С явным облегчением освободился Финкельмайер от бумаг и, успокоенный, вскоре заснул. А Никольский медленно переворачивал страницу за страницей, читал, складывал их, поправлял аккуратные стопки и снова углублялся в чтение, и среди шума моторов то и дело чудилось ему, что звучит рядом голос Финкельмайера. Тогда Никольский вскидывал голову и взглядывал на соседа. Тот спал с завидной безмятежностью…

XII

В армии (продолжение).

Редакция нашей армейской газеты помещалась в том же корпусе, где и клуб. Там же была и библиотека. Ведала ею Ольга Андреевна — так, по имени-отчеству, библиотекаршу звали все, несмотря на то, что была она совсем молоденькой девушкой. Она держалась совершенно замкнуто, редко позволяла себе проронить какие-то слова, кроме необходимых при работе на абонементе.

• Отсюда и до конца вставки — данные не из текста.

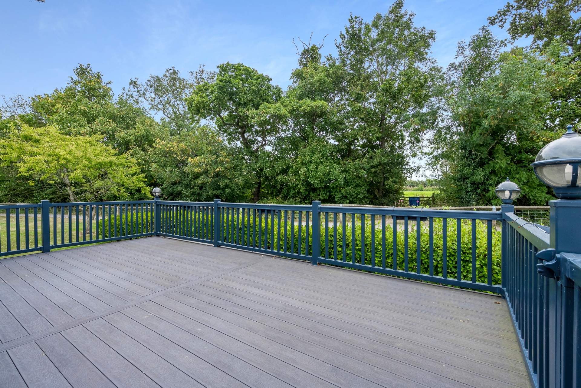 Generous outdoor living space – With a large wrap around decking overlooking the woodland trail to the rear.

Она и жила не просто одиноко, а изолированно от окружающих: заперев библиотеку, Ольга Андреевна отправлялась домой, и никогда не случалось, чтобы кто-то увидел ее на киносеансе или хотя бы в продуктовом магазине. О том, почему она добровольно избрала себе отшельническую жизнь, гадать не приходилось: библиотекарша была кривобока, фигура ее выглядела перекрученной так, словно чьи-то гигантские чугунные пальцы схватили с жуткой силой, сжали девушку в кулаке, а потом отпустили ее…

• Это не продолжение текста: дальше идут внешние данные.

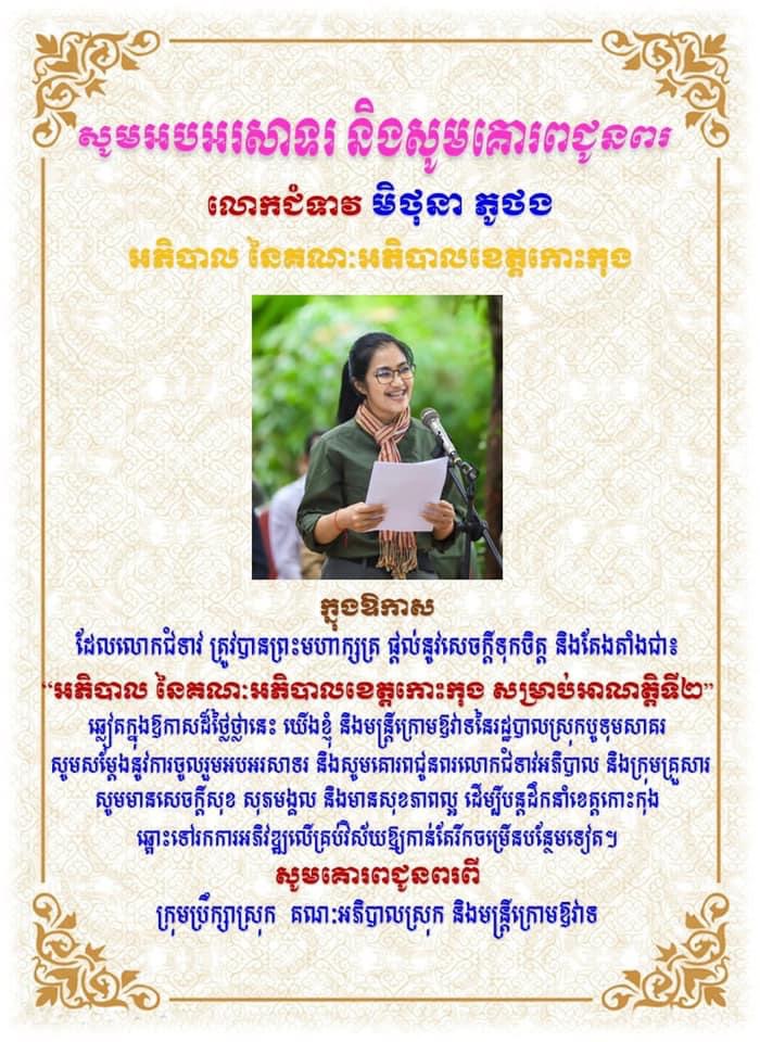 រដ្ឋបាលស្រុកបូទុមសាគរ សូមចូលរួមអបអរសាទរ លោកជំទាវ មិថុនា ភូថង ដែលត្រូវបានព្រះមហាក្សត្រ តែងតាំងជាអភិបាល នៃគណៈអភិបាលខេត្តកោះកុង សម្រាប់អាណត្តិទី២

Летом, поверх свободного платья или рабочего халатика, а зимой даже и поверх шубы она носила длинную, с бахромой до самой земли, старомодную шаль — укрывала от людских глаз свое уродство. Ходила она, резко заваливаясь при каждом шаге назад и в сторону, и всегда казалось, что она вот-вот упадет. А лицо у нее, даже погасшее, с привычным, нарочитым бе различием на нем было хорошим, правильным, и его холодное выражение даже привлекало — как привлекает высеченное из камня лицо какой-нибудь египетской царицы. Но эта привлекательность вместо естественного интереса к молодой девушке рождала лишь жалость — еще большую, чем если бы лицо Ольги Андреевны было безобразно, или если бы она казалась глупенькой. Однако она обладала умом настолько трезвым, а чувством настолько острым, что даже не подымая глаз знала, что именно так — с жалостью и тоскливым страданием — смотрят на нее мужчины — приходившие в ее библиотеку военные.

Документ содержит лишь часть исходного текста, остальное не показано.